- Duration: August 28 – December 1, 1983
- TV partner(s): Vintage Sports (City2)

Finals
- Champions: Crispa Redmanizers
- Runners-up: Great Taste Coffee Makers

Awards
- Best Import: Billy Ray Bates (Crispa Redmanizers)

PBA Open Conference chronology
- 1985 >

PBA conference chronology
- < 1983 Reinforced Filipino 1984 First All-Filipino >

= 1983 PBA Open Conference =

The 1983 Philippine Basketball Association (PBA) Open Conference was the third and last conference of the 1983 PBA season. It started on August 28 and ended on December 1, 1983. The tournament is an import-laden format, which requires two imports per each team.

==Format==
The following format was observed for the conference:
- Double-round eliminations; 14 games per team; Teams are then seeded by basis on win–loss records.
- The two teams at the bottom of the standings after the elimination round will be eliminated. The top two teams will advance outright to the semifinals.
- The next four teams will qualify in a single round-robin quarterfinals; the top two teams will advance to the semifinals.
- Semifinals will be a double round-robin affair with the four remaining teams.
- The top two teams in the semifinals advance to the best-of-five finals. The last two teams dispute the third-place trophy in a best-of-five playoff.

==Imports==
Each team were allowed two imports. The first line in the table are the original reinforcements of the teams. Below the name are the replacement of the import above. Same with the third replacement that is also highlighted with a different color. GP is the number of games played.

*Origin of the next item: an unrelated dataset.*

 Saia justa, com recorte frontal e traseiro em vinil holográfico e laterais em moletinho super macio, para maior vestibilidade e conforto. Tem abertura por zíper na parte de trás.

| Team | Name | GP | Name | GP |
| Crispa Redmanizers | DeWayne Scales | 5 | Billy Ray Bates | 24 |
| Larry Demic | 19 |  |  |
| Galerie Dominique | Larry Fogle | 16 | Donald Robinson | 16 |
| Gilbey's Gin | Anthony Roberts | 2 | Jacky Dorsey | 27 |
| Lew Massey | 25 |  |  |
| Great Taste Coffee | Charles Thompson | 2 | Norman Black | 24 |
| Dawan Scott | 22 |  |  |
| San Miguel Beermen | Rich Adams | 28 | Donnie Ray Koonce | 28 |
| Tanduay Rhum Makers | George Melton | 18 | Francois Wise | 19 |
| Toyota Super Corollas | Ralph Brewster | 15 | Andrew Fields | 15 |
| Winston Kings | Darryl Smith | 2 | Eddie Roberson | 2 |
| Larry McNeill | 12 | Maurice Williams | 12 |

==Elimination round==

| Pos | Team | W | L | PCT | GB | Qualification |
| 1 | Great Taste Coffee Makers | 9 | 5 | .643 | — | Advance to semifinal round |
| 2 | Crispa Redmanizers | 9 | 5 | .643 | — |
| 3 | San Miguel Beermen | 7 | 7 | .500 | 2 | Proceed to quarterfinal round |
| 4 | Galerie Dominique Artists | 7 | 7 | .500 | 2 |
| 5 | Gilbey's Gin Gimlets | 7 | 7 | .500 | 2 |
| 6 | Tanduay Rhum Makers | 6 | 8 | .429 | 3 |
| 7 | Toyota Super Corollas | 6 | 8 | .429 | 3 |  |
| 8 | Winston Kings | 5 | 9 | .357 | 4 |

==Quarterfinal round==

| Pos | Team | W | L | PCT | GB | Qualification |
| 1 | Gilbey's Gin Gimlets | 2 | 1 | .667 | — | Semifinal round |
| 2 | San Miguel Beermen | 2 | 1 | .667 | — |
| 3 | Tanduay Rhum Makers | 2 | 1 | .667 | — |  |
| 4 | Galerie Dominique Artists | 0 | 3 | .000 | 2 |

==Semifinal round==

All four teams were tied with three wins and three losses after the double-round semifinals. The PBA had their first-ever double playoff for the two finals berths.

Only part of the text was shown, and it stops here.